Le projet
Vision Verte Satina
Des vergers fruitiers dans les tapades du Fouta-Djallon — conduits par les familles du district et les ressortissants de Satina.
Un projet d'agroécologie fruitière porté par le district de Satina (entre Popodara et Dalein) et par ceux qui, depuis la diaspora, restent liés à cette terre.
L'objectif est concret : faire des tapades — les jardins de case du Fouta-Djallon — un espace de production durable (banane, avocat, orange).

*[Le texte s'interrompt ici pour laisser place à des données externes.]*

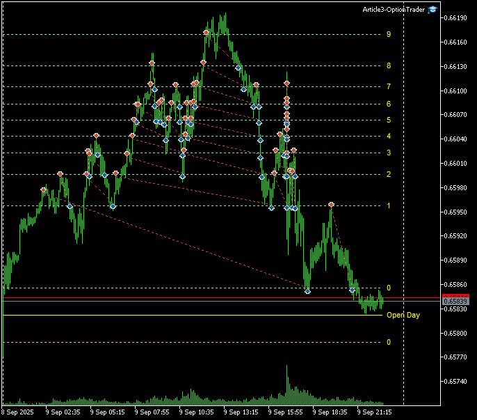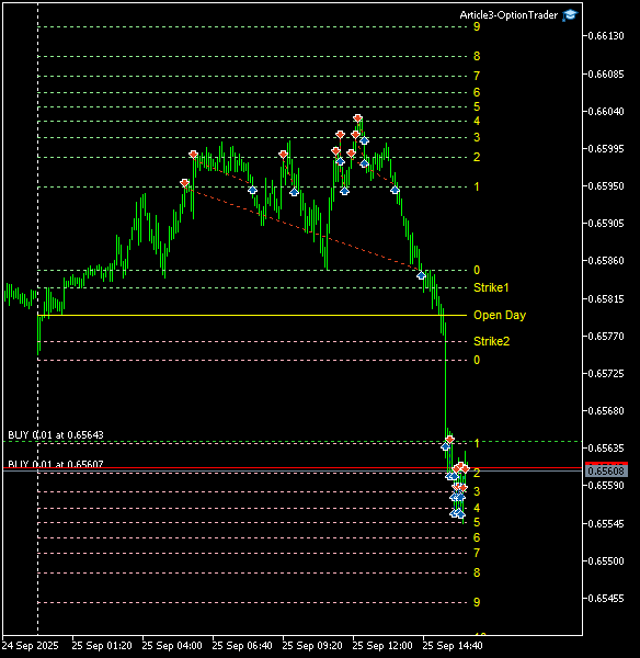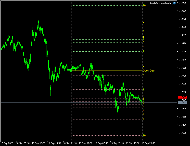 Уровни обновляются с появлением нового бара на графике МetaТrader 5. С открытием нового дня, старые уровни удаляются и начинают отрисовываться новые для текущего дня. Перед этим производится перерасчет исторической волатильности HV для нового дня.

Des récoltes pour les ménages, des revenus stables, un héritage pour la génération suivante.


La fondatrice
Hadja Mariama Sy Satina
Fille de Satina, elle a rassemblé les familles du district et les ressortissants autour d'une idée claire : planter maintenant les arbres qui feront vivre le village demain.
Sous son impulsion, le projet s'appuie sur ce qui existe déjà — les tapades, les savoirs locaux, les liens entre le village et la diaspora — plutôt que d'importer un modèle tout fait.
Comment le projet avance
Quatre axes de travail, sur place, au rythme des saisons et des familles.
Vergers dans les tapades
Bananiers, avocatiers et orangers près des habitations, sur des jardins de case déjà fertilisés et sécurisés. On plante où les familles vivent déjà.
Vulgarisation locale
De jeunes habitants formés pour suivre les plantations, transmettre les gestes agroécologiques et rester disponibles au village.
Comité de pilotage
Le CLPP décide et rend compte. Le projet reste au service de Satina — pas d’une structure extérieure.
Lien avec la diaspora
Les ressortissants apportent du soutien, de l’expertise et des moyens. Le travail se fait sur place ; l’appui vient aussi de loin.
Gouvernance
Le Comité Local de Pilotage du Projet (CLPP) conduit les décisions. Il s'appuie sur les vulgarisateurs formés et sur l'engagement de la diaspora, pour que le cap reste proche du terrain.